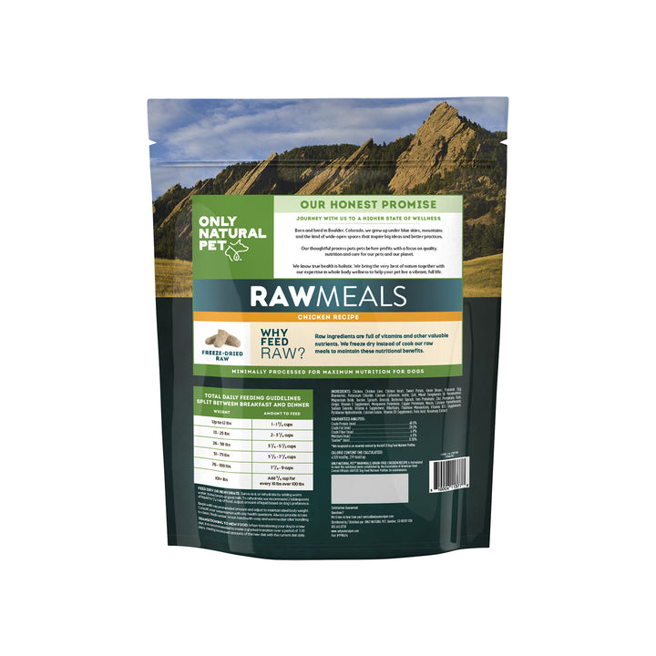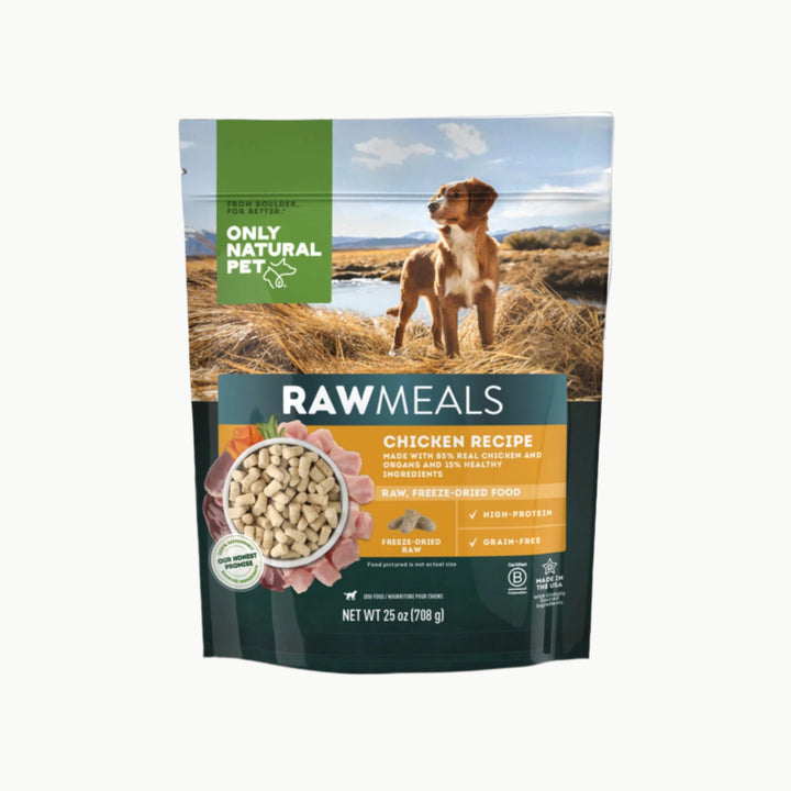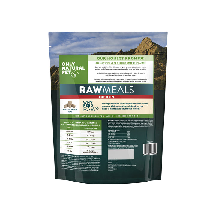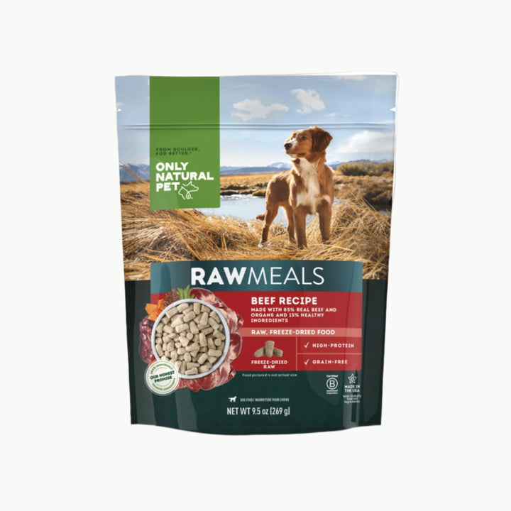 Only Natural Pet RawMeals delivers the protein-packed raw nutrition your dog craves—without the mess of traditional raw feeding. This minimally processed freeze-dried dog food is crafted with real meat (beef or chicken) and fresh vegetables, then rapidly frozen to preserve nutrients and flavor. The result is a shelf-stable, safe, and easy-to-serve meal that satisfies your dog’s instincts and your need for convenience.
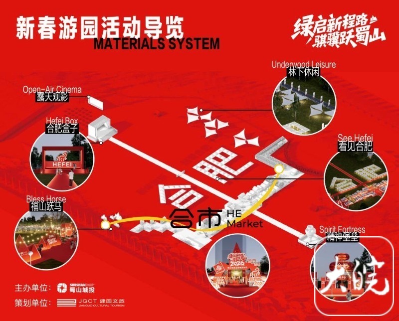 活动主题为“绿启新程路,骐骥跃蜀山”,通过注入文化体验与消费新场景,把皖韵民俗与未来科技、光影艺术与年轻潮流完美融合,实现文商旅体的深度融合与相互赋能。活动时间为:2月8日14:00-21:00、2月9日-12日 15:00-21:00、2月27日-3月3日 11:00-21:00。
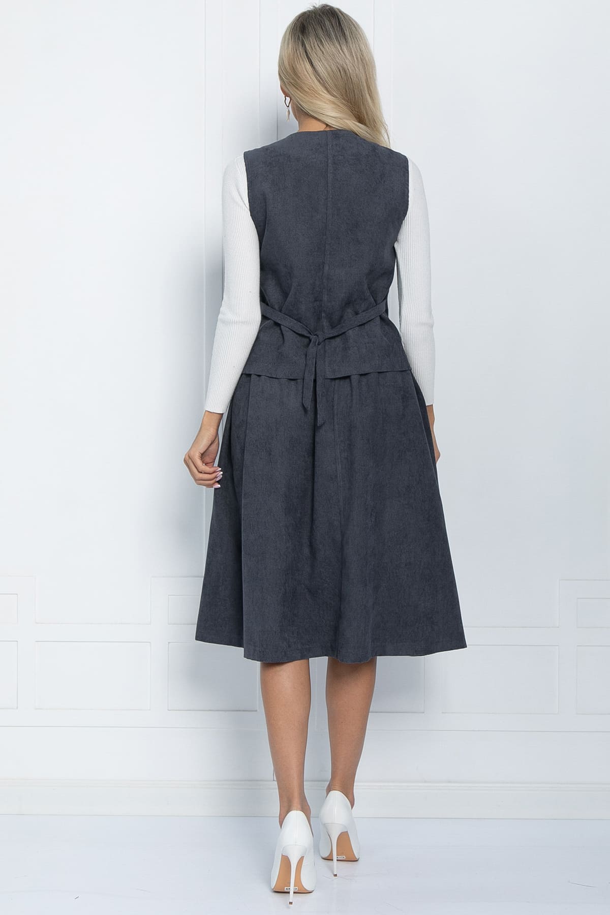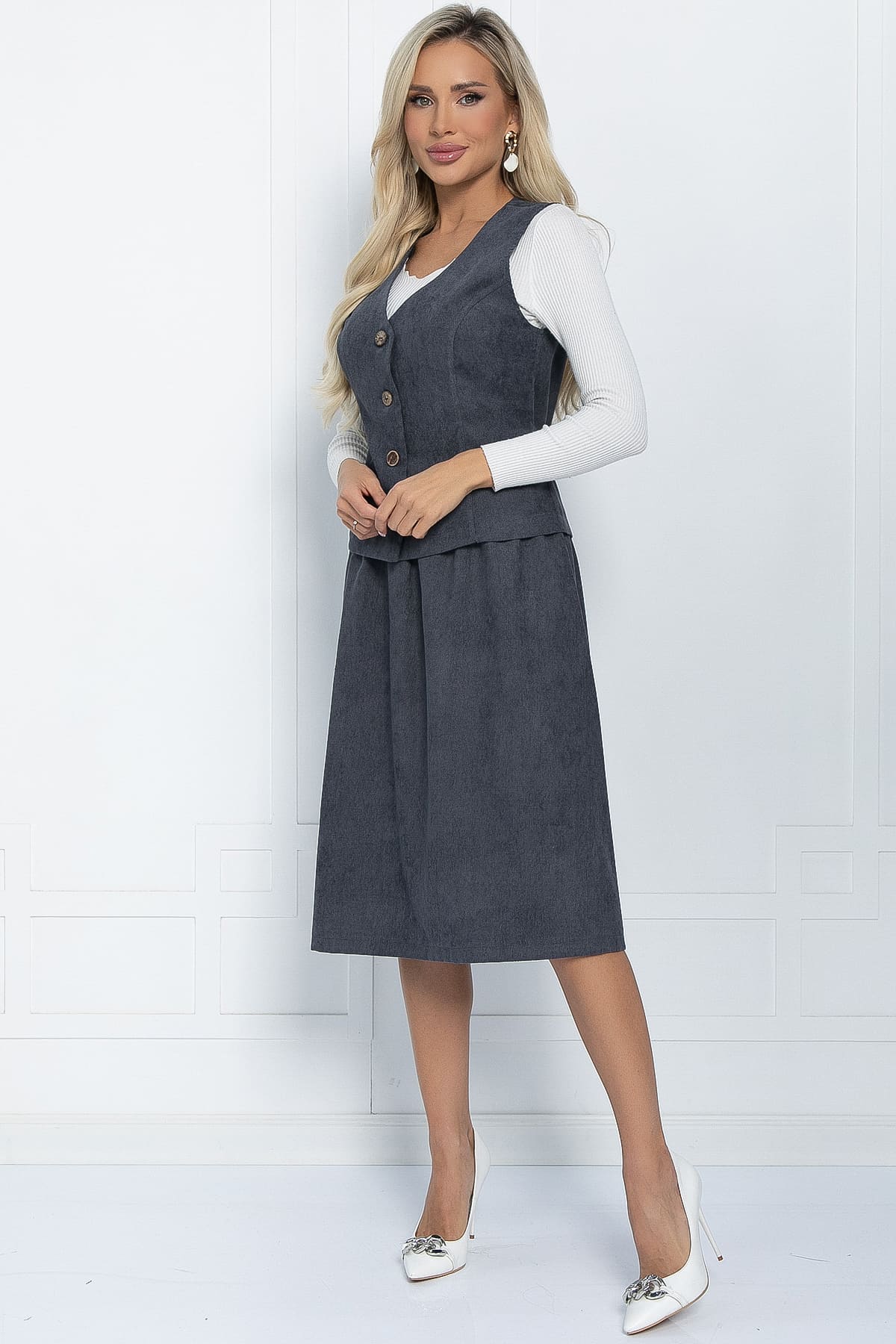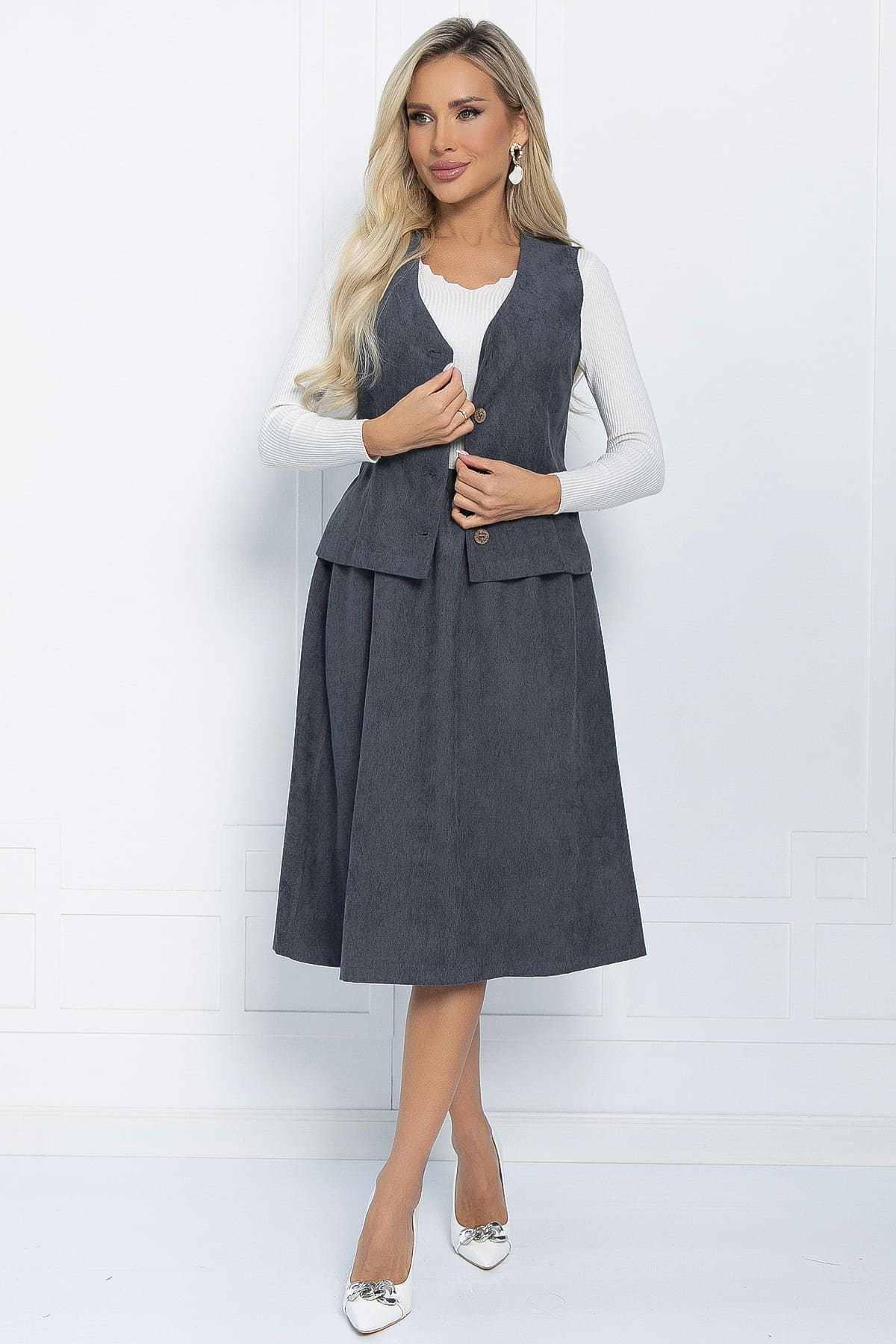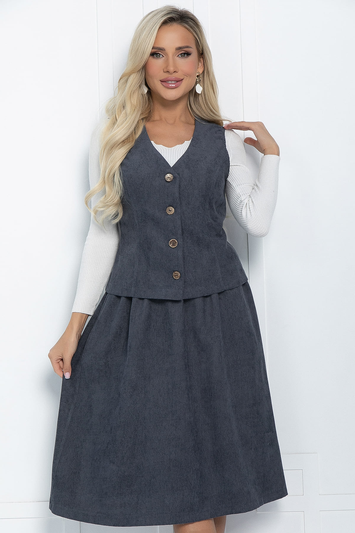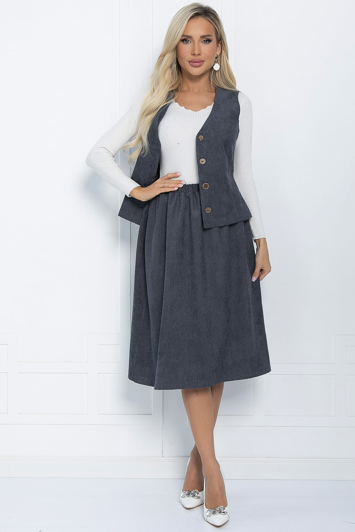 Костюм премиум класса из жилета и юбки, который станет прекрасным дополнением в ваш базовый гардероб! Такой комплект будет отлично смотреться как на деловой встрече, так и на вечеринке или прогулке, добавляя выразительности и строгости в образ. Вельветовый костюм с юбкой и жилетом — это стильный и элегантный наряд, который сочетает в себе классику и современность. Верх на пуговицах без рукавов. Юбка длиной миди, без подкладки.

_EXERCISE AIM_.
Would you restate the listing word for word and leave every picture out?

_RESPONSE BOX_.
 Only Natural Pet RawMeals delivers the protein-packed raw nutrition your dog craves—without the mess of traditional raw feeding. This minimally processed freeze-dried dog food is crafted with real meat (beef or chicken) and fresh vegetables, then rapidly frozen to preserve nutrients and flavor. The result is a shelf-stable, safe, and easy-to-serve meal that satisfies your dog’s instincts and your need for convenience.
 活动主题为“绿启新程路,骐骥跃蜀山”,通过注入文化体验与消费新场景,把皖韵民俗与未来科技、光影艺术与年轻潮流完美融合,实现文商旅体的深度融合与相互赋能。活动时间为:2月8日14:00-21:00、2月9日-12日 15:00-21:00、2月27日-3月3日 11:00-21:00。
 Костюм премиум класса из жилета и юбки, который станет прекрасным дополнением в ваш базовый гардероб! Такой комплект будет отлично смотреться как на деловой встрече, так и на вечеринке или прогулке, добавляя выразительности и строгости в образ. Вельветовый костюм с юбкой и жилетом — это стильный и элегантный наряд, который сочетает в себе классику и современность. Верх на пуговицах без рукавов. Юбка длиной миди, без подкладки.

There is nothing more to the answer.